Australia halved fuel taxes. Italy, Spain, Ireland, and Portugal cut theirs. On April 1, Canada's industrial carbon tax rises to $110 per tonne — and Canadians pay up to 65 cents a litre in fuel taxes.
On April 1, while the Iran war drives global oil prices above $116 per barrel and Canadians face record fuel costs, the federal government will raise the industrial carbon tax to $110 per tonne. The consumer carbon tax was scrapped in April 2025 after massive public backlash. But the industrial carbon tax — which 70% of Canadians believe businesses pass on to consumers — keeps climbing. It is scheduled to reach $170 per tonne by 2030.1
At the same time, Canadians pay up to 65 cents per litre in combined fuel taxes — federal excise, provincial fuel taxes, carbon-embedded fuel regulations, and GST on top of all of it. That figure, cited by Canadian Taxpayers Federation Federal Director Franco Terrazzano on Bloomberg, makes Canada one of the most heavily taxed fuel markets in the democratic world.2
Now look at what every allied country is doing in the same crisis. Australia announced on March 30 that it will halve fuel and diesel taxes for three months — effective April 1. Prime Minister Anthony Albanese cited the “financial stress” caused by rising energy prices and said the move would save motorists roughly $13 per tank. Two Australian states — Victoria and Tasmania — have made public transit free to reduce demand at the pump.3
Italy implemented emergency fuel tax cuts for 20 days and offered tax credits to truckers to offset diesel costs. It is allocating €100 million to support the transport industry in 2026. Spain cut fuel and electricity taxes as part of a broad economic relief package announced March 20. Ireland reduced fuel excise taxes. Portugal cut fuel taxes for professional use and announced housing tax incentives alongside them — with the prime minister declaring Portugal was “the first European country to take measures in response to rising fuel prices.”4
❝ We understand the cost pressures for people are very real.
— Anthony Albanese, Australian Prime Minister, announcing fuel tax cut, March 30, 2026Croatia, Hungary, Slovakia, and Slovenia introduced temporary fuel price caps. France is restructuring diesel requirements to increase domestic production. Greece is considering a multi-million-euro support package for transport operators.
Canada is raising the carbon tax.
The cost to Canadians is not theoretical. A Fraser Institute study published March 26 — the first from its new macro modelling centre — projects that raising the industrial carbon price to $170 per tonne by 2030 will shrink the Canadian economy by 1.3%, eliminate 50,000 jobs, and reduce worker incomes by $1,160 per year.5
Every allied country is cutting fuel taxes. Canada is raising them.
The investment numbers are already devastating. Between 2014 and 2024, investment in Canada’s oil and gas sector plummeted from $84 billion to $35.7 billion — a decline of 57.5% after inflation. Even with a modest rebound projected for 2026, investment remains below 2024 levels. The Fraser Institute warns that higher carbon taxes will “deepen an investment downturn” and that “Canada’s ability to attract investment is at stake.”6
The Carney government’s position is that eliminating the consumer carbon tax was the concession — and that the industrial carbon tax makes “large companies pay for everybody.” Prime Minister Carney has said the increase represents “more than a six times increase in the industrial price on carbon.”7
Canadians are not buying it.

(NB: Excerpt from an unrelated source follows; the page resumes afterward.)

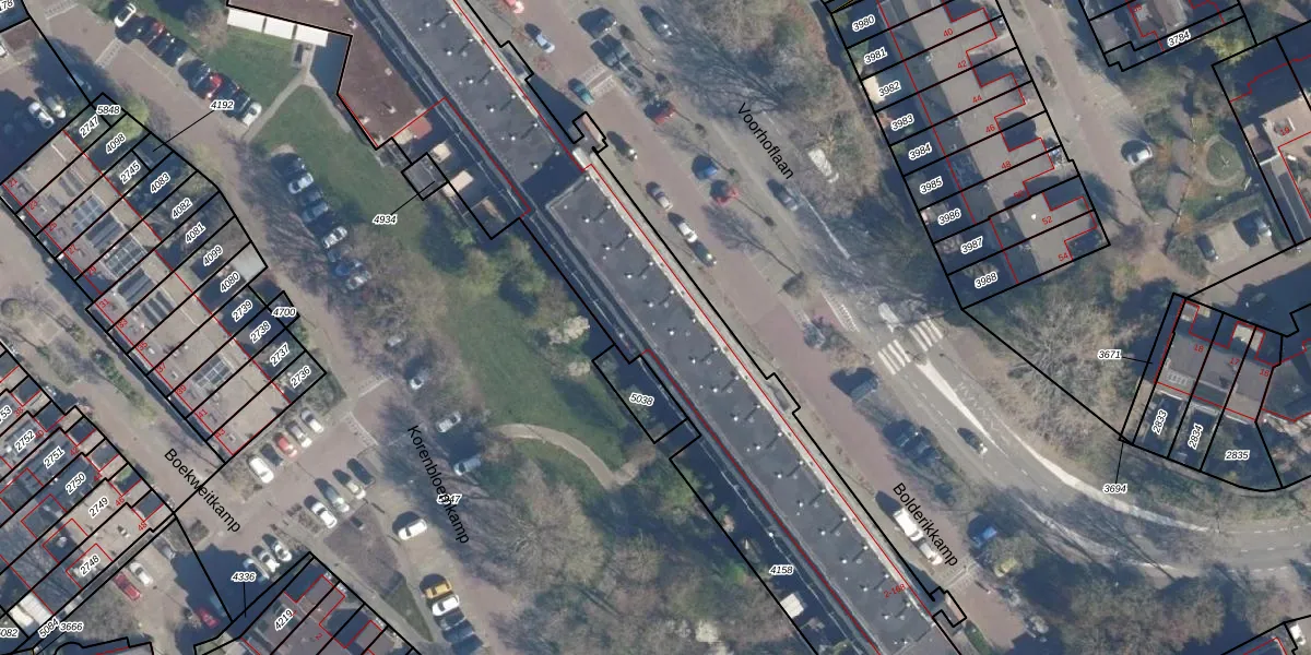 Het perceel waarop Bolderikkamp 96 staat heeft een oppervlakte van 4596 m². Dit is een zeer groot perceel. De perceeloppervlakte wordt geregistreerd door het Kadaster. Gedetailleerde informatie over de maten van dit perceel kunt u vinden in het rapport Kadastrale kaart met maatvoering van Bolderikkamp 96.

Just 12% believe Carney’s claim that businesses will absorb most of the cost, according to a Leger poll. Nearly 70% say businesses will pass most or all of the cost to consumers. As Terrazzano put it: “It doesn’t matter what type of lipstick politicians put on their carbon tax pig. All carbon taxes make life more expensive.”

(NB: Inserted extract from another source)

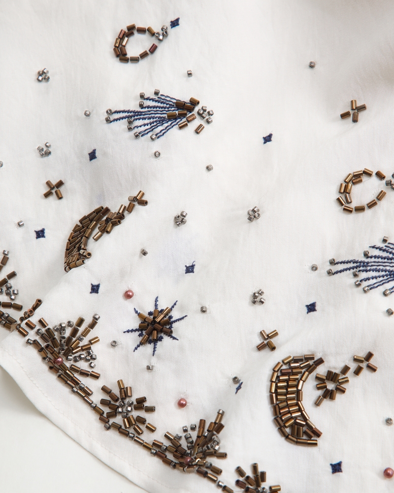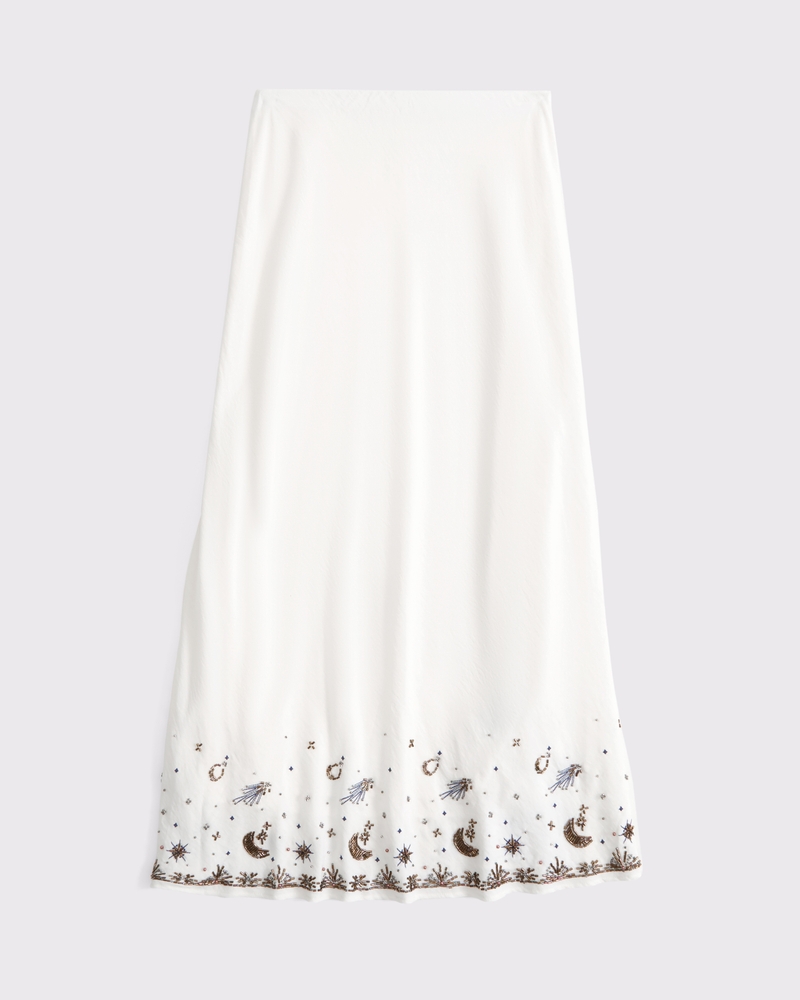 High rise maxi skirt in our soft woven fabric. Features a full-length skirt, embroidered beaded details along the hem and a pull-on style elasticated waistband. Imported.

❝ It doesn’t matter what type of lipstick politicians put on their carbon tax pig. All carbon taxes make life more expensive.
— Franco Terrazzano, Federal Director, Canadian Taxpayers FederationCanada now ranks 27th out of 38 OECD countries on individual tax competitiveness and 22nd on business tax competitiveness, according to the Tax Foundation. It trails the United States on both measures. On April 1, the federal government will also hike alcohol taxes through the automatic escalator — the seventh consecutive year it has increased without a parliamentary vote. Payroll taxes are also rising, costing workers up to an additional $262.8
The income tax cut to the lowest bracket — from 15% to 14% — saves the average taxpayer $190. The payroll tax hikes claw most of that back. The industrial carbon tax increase adds the rest.
Australia is halving fuel taxes. Italy is giving tax credits to truckers. Spain is cutting fuel and electricity taxes. Ireland, Portugal, Croatia, Hungary, and Slovenia are all providing relief. Every major Western ally facing the same oil shock from the same war is doing the same thing: cutting fuel taxes to protect their citizens. Canada is the exception. On April 1, the Carney government will raise the industrial carbon tax to $110 per tonne — a tax that 70% of Canadians believe is passed directly to them — while Canadians already pay up to 65 cents per litre in fuel taxes. The allied world is giving relief. Canada is sending a bill.